Any defense attorney would want their potential client to take advantage of one of the most important rights in the Miranda Warning: the right to remain silent. It is certainly more difficult to defend a client who has freely admitted guilt to a crime or given such information as to be easily incriminated.
The Miranda Warning, in protecting an individual’s Fifth Amendment rights not to self-incriminate, allows you to decline to answer questions unless you have an attorney present or until you have consulted with your attorney.
Evidence that you might unwittingly give before you have been Mirandized should not technically be used against you at a trial, but the law is complex and intricate and you should not count on evidence being dismissed if you were not Mirandized and you gave the information freely.
If you have been Mirandized and you waive your rights, meaning you wish to speak to police freely without an attorney present, you can change your mind at any time and ‘plead the fifth,’ meaning you no longer wish to answer questions, or that you have changed your mind and wish to have an attorney present after all.

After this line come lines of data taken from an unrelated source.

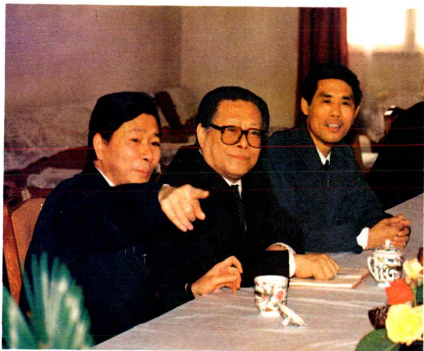
1988年5月16日中共中央政治局委员、中共上海市委书记江泽民视察梅山时与公司党政领导座谈。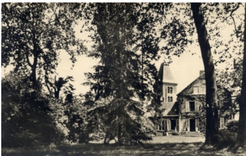
Ancienne propriété de Pierre RICHARD-WILLM à Saint-Nom-la-Bretèche [3]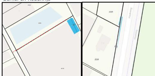
Vlaminglaan/Middenweg 24 Poeldijk Haakweg 25 Hoek van Holland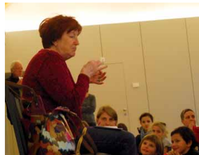
Bambini e adulti ascoltano divertiti un racconto

La Biblioteca accoglie sempre volentieri nuovi utenti e nuovi volontari. Informazioni sul sito www.manno.ch , biblioteca@manno.ch o telefonando durante gli orari di apertura allo 091 611 10 07.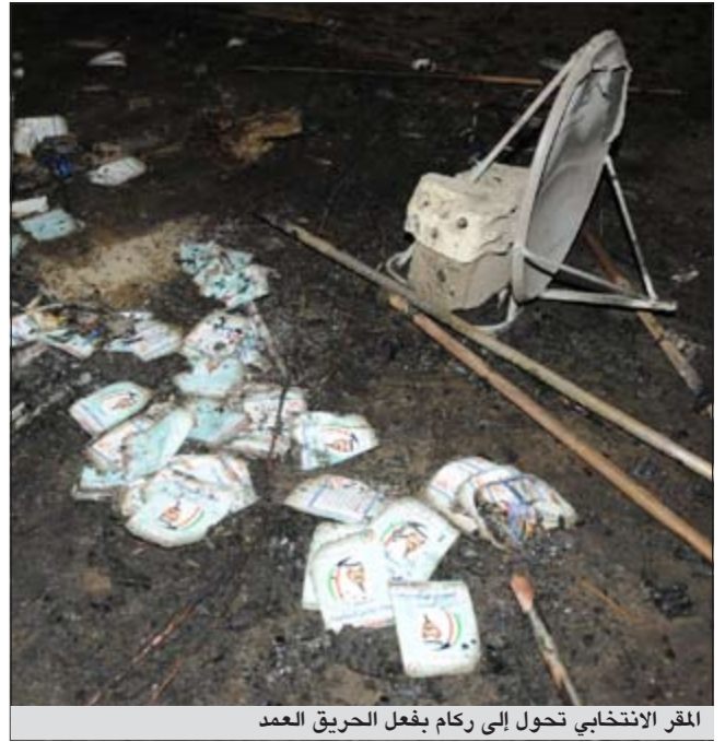
المقر الانتخابي تحول إلى ركام بفعل الحريق العمد

وحول برنامج الانتخابي قال المطوع أنه يتركز حول أهمية مكافحة الفساد بكل أشكاله وأنواعه من خلال إصدار التشريعات اللازمة والخاصة بقانون الهيئة العامة لمكافحة الفساد وقانون مكافحة الكسب

If the police unreasonably and illegally find evidence against you and they have violated your rights by not reading you the Miranda Warning in a timely fashion, there is a rule called ‘fruit of the poisonous tree’ that makes such evidence inadmissible in a court of law. However, police may be able to prove that they would have found such evidence without your cooperation, and therefore they have the right to use that evidence at a trial. Be cautious about relying on any such intricate defenses. Choose the ‘right to remain silent’ option as your best choice and talk with a lawyer about your case.